Flyte 2 is available today for local execution - distributed execution coming to open source soon. Preview Flyte 2 for production, hosted on Union.ai

ReusePolicy

Package: flyte

Configure a task environment for container reuse across multiple task invocations.

When environment creation is expensive relative to task runtime, reusable containers keep a pool of warm containers ready, avoiding cold-start overhead. The Python process may be reused by subsequent task invocations.

Total concurrent capacity is max_replicas * concurrency. For example, ReusePolicy(replicas=(1, 3), concurrency=2) supports up to 6 concurrent tasks.

Caution: The environment is shared across invocations — manage memory and resources carefully.

        
    
env = flyte.TaskEnvironment(
    name="fast_env",
    reusable=flyte.ReusePolicy(replicas=(1, 3), concurrency=2),
)

Parameters

        
    
class ReusePolicy(
    replicas: typing.Union[int, typing.Tuple[int, int]],
    idle_ttl: typing.Union[int, datetime.timedelta],
    concurrency: int,
    scaledown_ttl: typing.Union[int, datetime.timedelta],
)

Parameter	Type	Description
`replicas`	`typing.Union[int, typing.Tuple[int, int]]`	Number of container replicas to maintain. - `int`: Fixed replica count, always running (e.g., `replicas=3`). - `tuple(min, max)`: Auto-scaling range (e.g., `replicas=(1, 5)`). Scales between min and max based on demand. Default is `2`. A minimum of 2 replicas is recommended to avoid starvation when the parent task occupies one replica.
`idle_ttl`	`typing.Union[int, datetime.timedelta]`	Environment-level idle timeout — shuts down all replicas when the entire environment has been idle for this duration. Specified as seconds (`int`) or `timedelta`. Minimum 30 seconds. Default is 30 seconds.
`concurrency`	`int`	Maximum concurrent tasks per replica. Values greater than 1 are only supported for `async` tasks. Default is `1`.
`scaledown_ttl`	`typing.Union[int, datetime.timedelta]`	Per-replica scale-down delay — minimum time to wait before removing an individual idle replica. Prevents rapid scale-down when tasks arrive in bursts.
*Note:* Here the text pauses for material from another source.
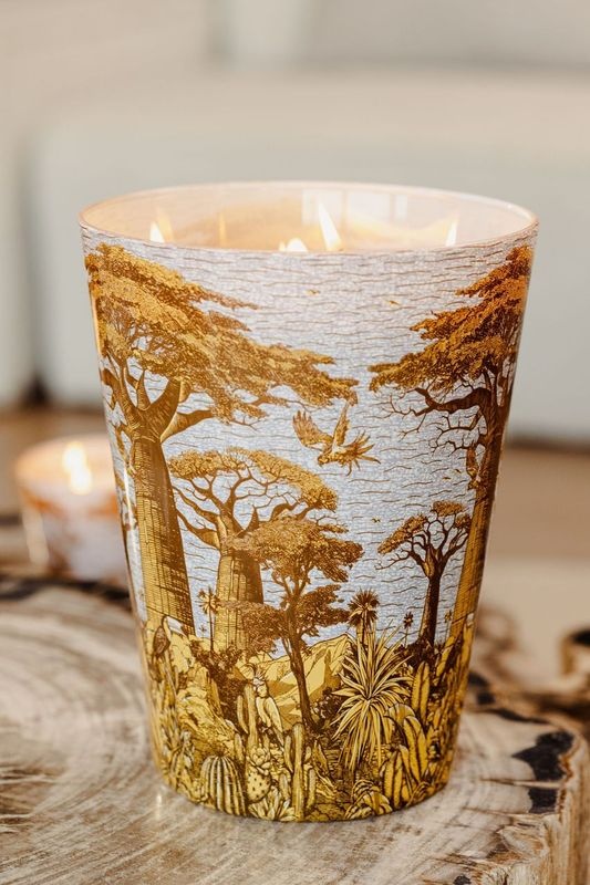 Breng luxe en verfijning in je interieur met de Baobab Collection Sacred Trees Cocody Geurkaars, verkrijgbaar bij GRAUS wonen. Deze luxe geurkaars is niet alleen een geurervaring, maar ook een kunstwerk dat sfeer, stijl en de kracht van natuur combineert. De prachtige decoratie op het glas van de Cocody-kaars is geïnspireerd door de baobabs van de regio Cocody in Ivoorkust. Dit ontwerp wordt vervaardigd in Italië met behulp van een geavanceerde glassublimatiemethode. De natuurlijke pigmenten die worden gebruikt voor het drukproces zorgen voor een levendig en gedetailleerd ontwerp met een prachtige grijze achtergrond en gele baobabs. De kaars heeft een bijzondere kwaliteit: door de vlam komt het ontwerp subtiel tot leven met een transparante uitstraling die de kaars een extra dimensie geeft.

Specified as seconds (`int`) or `timedelta`. Default is 30 seconds. Note the distinction: `idle_ttl` controls when the whole environment shuts down; `scaledown_ttl` controls when individual replicas are removed during auto-scaling.

Properties

Property	Type	Description
`max_replicas`	`None`	Returns the maximum number of replicas.
`min_replicas`	`None`	Returns the minimum number of replicas.

Methods

Method	Description
`get_scaledown_ttl()`	Returns the scaledown TTL as a timedelta.

get_scaledown_ttl()

        
    
def get_scaledown_ttl()

Returns the scaledown TTL as a timedelta. If scaledown_ttl is not set, returns None.